The amount you and your staff member pay into your pension scheme may vary depending on which pension scheme you choose. However, by law, you and your staff have to pay a minimum amount into your scheme.

This is set at 8% of your member of staff's earnings. You, the employer, must pay at least 3% of this, but you can choose to pay more. 

Date Total minimum contribution  Employer minimum contribution
06/04/2019 onwards 8% (including 5% staff contribution) 3%

Staff earnings

When you work out how much to pay into your pension scheme you need to know what staff earnings to use in your calculation. This will depend on the type of scheme you choose.

If you pay the minimum of 8%, you will need to base your calculation on a specific range of earnings. For the 2022/23 tax year this range is between £6,240 and £50,270 a year (£520 and £4,189 a month, or £120 and £967 a week). These figures are reviewed each year by the government.

You will also need to include the following types of staff pay in your calculation:

  • salary
  • wages
  • commission
  • bonuses
  • overtime
  • statutory sick pay
  • statutory maternity pay
  • ordinary or additional statutory paternity pay
  • statutory adoption pay

You can also use our online contributions calculator to help work out your costs for each member of staff.

Payroll software

Payroll software that is set up for automatic enrolment may be able to calculate contributions for you and make the correct deductions from staff pay. To find out what you can do if you don't have payroll software or if your existing software is not set up for automatic enrolment, for example if you use HMRC Basic PAYE Tools (BPT), go to check your payroll process.

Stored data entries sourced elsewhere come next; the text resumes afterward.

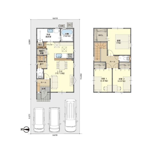 15.12帖のLDKを中心に、家族が自然と集まりやすい間取り設計。対面キッチンを採用し、家事をしながらでも会話が生まれる、暮らしやすさに配慮した住まいです。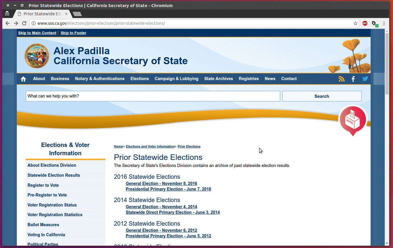 Visit the “Prior Elections” page of past results maintained by California’s secretary of state.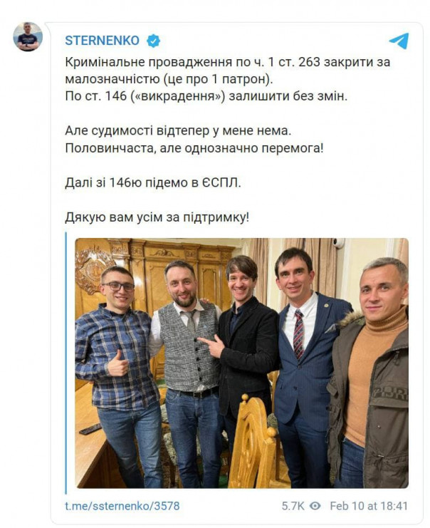 Ещё одну статью (разбой, по которой Стерненко суд первой инстанции дал 7 лет тюрьмы) ещё раньше отменила апелляция).
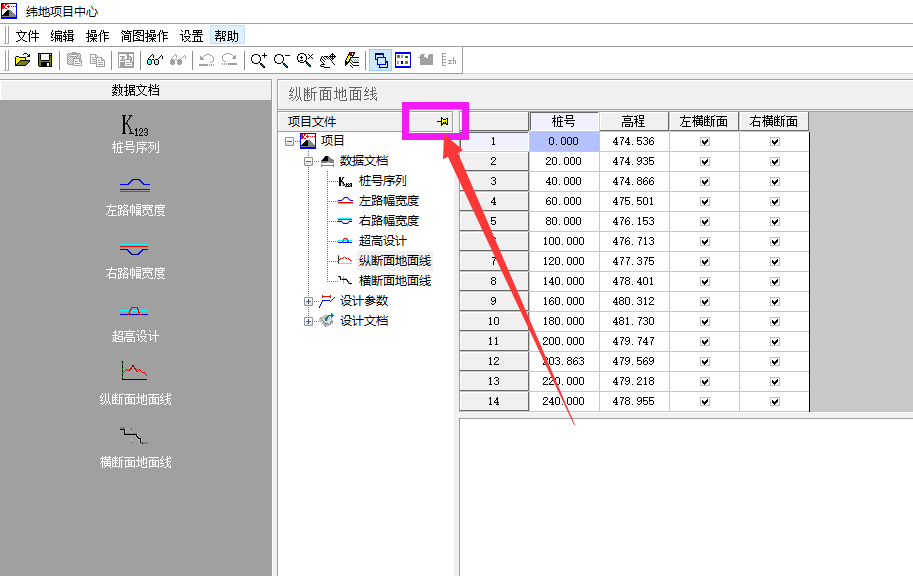 你好,感谢您多年来多纬地软件的支持与认可。数据窗口左侧的导航树,您可以点击按钮进行隐藏。

When you must pay your contributions

You must agree the dates when you will pay contributions into the scheme with your scheme provider.

However, by law, when you take contributions from your staff's pay you must pay these to your pension scheme by the 22nd (19th if you pay by cheque) day of the next month.

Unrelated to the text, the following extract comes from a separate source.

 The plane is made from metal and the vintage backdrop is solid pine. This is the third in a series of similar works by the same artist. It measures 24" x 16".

You may be fined by The Pensions Regulator if you don't pay by the time you've agreed with your scheme provider.

First payments for automatic enrolment

There are special rules for the first payment of contributions for each member of staff. To help you manage refunds for staff who ask to leave your scheme, some schemes may allow you to pay the first three months of contributions in one go on the 22nd of the fourth month. Speak to your scheme provider for more information.

Providing information to your pension scheme provider

As part of your normal business processes you should provide the following information to your pension scheme provider:

  • any changes to a member's earnings or contribution rate into the pension scheme
  • any requests to join or leave the pension scheme

Your scheme provider needs this information so that they can check that the right contributions are being made into the scheme and to report any missing amounts to The Pensions Regulator.

You should agree how and when you will provide this information when you set up your scheme. For instance, you may decide to send details of staff earnings at the same time as you pay contributions to the scheme.

The scheme provider may ask you for additional information, in order to monitor the correct payment of contributions. This must be provided within a reasonable period of the request or as agreed with the pension scheme. Failure to maintain payment of the correct contributions to a scheme may result in penalties from the Regulator.